We were in the main bazaar, and Hosein was again selling fruit and veggies from his stand. He had to keep up appearances. I paid him for a pear and automatically rubbed it on my sleeve without thinking.
“Don’t you dare eat that without washing it,” he whispered fiercely. “They’ll have to hammer a cork up your ass to keep you from shitting yourself to death. This is a non-toilet-paper country, Tommy. Use your goddamn head.”
I felt foolish. After all, I spend half my life in the third world. I acknowledged the point and inspected the apples.
“So what do you think?” I asked.
G. W. glanced around to see if anyone was listening to us. “I think Davar is skating on damn thin ice,” he muttered.
CHAPTER EIGHT
The ScanEagle drones arrived over the southern part of the Iranian city of Tabriz in midafternoon. There were two of them; one went into an orbit at nine thousand feet above the ground, the other ten thousand. They were very small, weighing just forty pounds each, with a wingspan of about ten feet, and if they were detected by Iranian radar, there was no Iranian response. The Iranian radars were indeed sweeping-black boxes in the drones detected every pulse-yet the skinpaint returns were very small, easy to overlook on the Iranians’ air traffic control scopes, if they were displayed at all. Usually returns this small were classified as static and automatically eliminated from the presentation.
Both ScanEagles contained a variety of sensors, the size, type and sensitivity limited only by their small carrying capacity. Today one broadcast an encrypted television camera signal to a satellite in geosynchronous orbit; the other sent an infrared picture.

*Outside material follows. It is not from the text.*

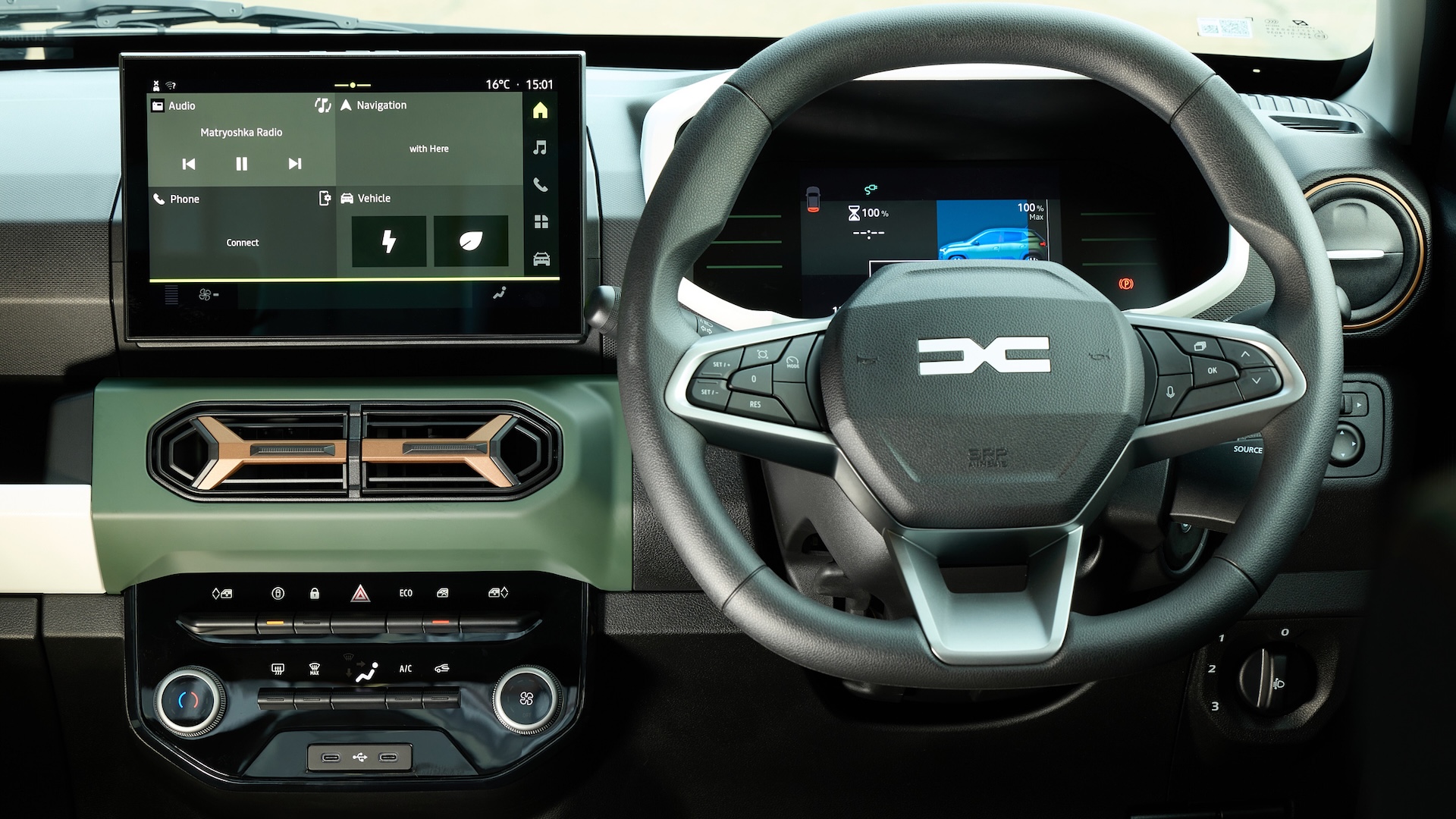 The Dacia Spring’s interior is to be commended for how similar it feels to the rest of the Dacia car range. You get the same digital gauge cluster and the same touchscreen on top models, plus most of the same switchgear. This ensures you don’t feel too punished for choosing one of the cheapest cars on sale.

The area of interest was a large, low, flat-roofed building, a factory, in the southern suburbs of the city. The cameras watched as the workers left for the evening and the parking lot emptied. The watchmen on their hourly hikes around the building were picked up by the sensors, and their routes and times carefully noted and compared to past observations.
The people doing the comparing were sitting in a command and control center at Balad Air Force Base in Iraq. The data the ScanEagles were broadcasting was painstakingly compared to the database, which had been compiled in evening and nightly observations by drones every evening for the last two weeks.
Two colonels conferred, then went to the general, who was standing behind the monitors looking at the raw video.
“Everything is the same as it was,” one of the colonels said. “Nothing out of the ordinary.”
“Have we heard from our guy on the ground?”
“Yes, sir. He said the right code words.”
“Then it’s a go,” the general said.
“Yes, sir.”
“Launch ’em.”
“Yes, sir.”
The general walked over to an encrypted satellite telephone and placed a call to the duty officer in the War Room of the Pentagon.
It was nearly midnight in Tabriz when three Russian-made Mi-24 Hind heli cop ters swept across the rooftops of the city and landed in the parking lot of the factory. Six soldiers in Iranian uniforms, armed with AK-47s, jumped from each helo. As the members of one squad took up defensive positions around the building, an officer led the other two to the main entrance.
The guard there looked at them in bewilderment.
He was summarily disarmed, handcuffed and led away. The officer opened the door, and the troops trotted through it.